In his curse I am cursed too; his creeping undoes me; for howsoever he begin at the heel, and do but bruise that, yet he, and “death” in him, “is come into our windows”; [Jer. 9:21] into our eyes and ears, the entrances and inlets of our soul. He works upon us in secret and we do not discern him; and one great work of his upon us is to make us so like himself as to sin in secret, that others may not see us; but his masterpiece is to make us sin in secret, so as that we may not see ourselves sin. For the first, the hiding of our sins from other men, he hath induced that which was his offspring from the beginning, a lie; [John 8:44] for man is, in nature, yet in possession of some such sparks of ingenuity and nobleness, as that, but to disguise evil, he would not lie.
The body, the sin, is the serpent's; and the garment that covers it, the lie, is his too.
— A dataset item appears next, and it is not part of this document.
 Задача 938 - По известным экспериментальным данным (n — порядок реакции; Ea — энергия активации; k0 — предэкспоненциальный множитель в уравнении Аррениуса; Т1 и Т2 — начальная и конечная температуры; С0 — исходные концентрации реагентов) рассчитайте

These are his, but the hiding of sin from ourselves is he himself: when we have the sting of the serpent in us, and do not sting ourselves, the venom of sin, and no remorse for sin, then, as thy blessed Son said of Judas, “He is a devil”; [John 6:70] not that he had one, but was one; so we are become devils to ourselves, and we have not only a serpent in our bosom, but we ourselves are to ourselves that serpent.
How far did thy servant David press upon thy pardon in that petition, “Cleanse thou me from secret sins”? [Ps. 19:12] Can any sin be secret? for a great part of our sins, though, says thy prophet, we conceive them in the dark, upon our bed, yet, says he, we do them in the light; there are many sins which we glory in doing, and would not do if nobody should know them. Thy blessed servant Augustine confesses that he was ashamed of his shamefacedness and tenderness of conscience, and that he often belied himself with sins which he never did, lest he should be unacceptable to his sinful companions.
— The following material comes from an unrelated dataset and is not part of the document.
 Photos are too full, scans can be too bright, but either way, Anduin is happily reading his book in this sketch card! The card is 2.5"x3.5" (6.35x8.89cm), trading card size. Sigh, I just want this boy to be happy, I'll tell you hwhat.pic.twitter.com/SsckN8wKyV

But if we would conceal them (thy prophet found such a desire, and such a practice in some, when he said, “Thou hast trusted in thy wickedness, and thou hast said, None shall see me” [Is. 47:10]), yet can we conceal them? Thou, O God, canst hear of them by others: the voice of Abel's blood will tell thee of Cain's murder; [Gen. 4:10] the heavens themselves will tell thee. Heaven shall reveal his iniquity; a small creature alone shall do it, “A bird of the air shall carry the voice, and tell the matter”; [Eccles. 10:20] thou wilt trouble no informer, thou thyself revealedst Adam's sin to thyself; [Gen. 3:8] and the manifestation of sin is so full to thee, as that thou shalt reveal all to all; “Thou shalt bring every work to judgment, with every secret thing”; [Eccles. 12:14] “and there is nothing covered that shall not be revealed.” [Matt. 10:26]
But, O my God, there is another way of knowing my sins, which thou lovest better than any of these; to know them by my confession. As physic works, so it draws the peccant humour to itself, that, when it is gathered together, the weight of itself may carry that humour away; so thy Spirit returns to my memory my former sins, that, being so recollected, they may pour out themselves by confession. “When I kept silence,” says thy servant David, “day and night thy hand was heavy upon me; but when I said, I will confess my transgressions unto the Lord, thou forgavest the iniquity of my sin.” [Ps. 32:3-5]
Thou interpretest the very purpose of confession so well, as that thou scarce leavest any new mercy for the action itself. This mercy thou leavest, that thou armest us thereupon against relapses into the sins which we have confessed. And that mercy which thy servant Augustine apprehends when he says to thee, "Thou hast forgiven me those sins which I have done, and those sins which only by thy grace I have not done": they were done in our inclination to them, and even that inclination needs thy mercy, and that mercy he calls a pardon. And these are most truly secret sins, because they were never done, and because no other man, nor I myself, but only thou knowest, how many and how great sins I have escaped by thy grace, which, without that, I should have multiplied against thee.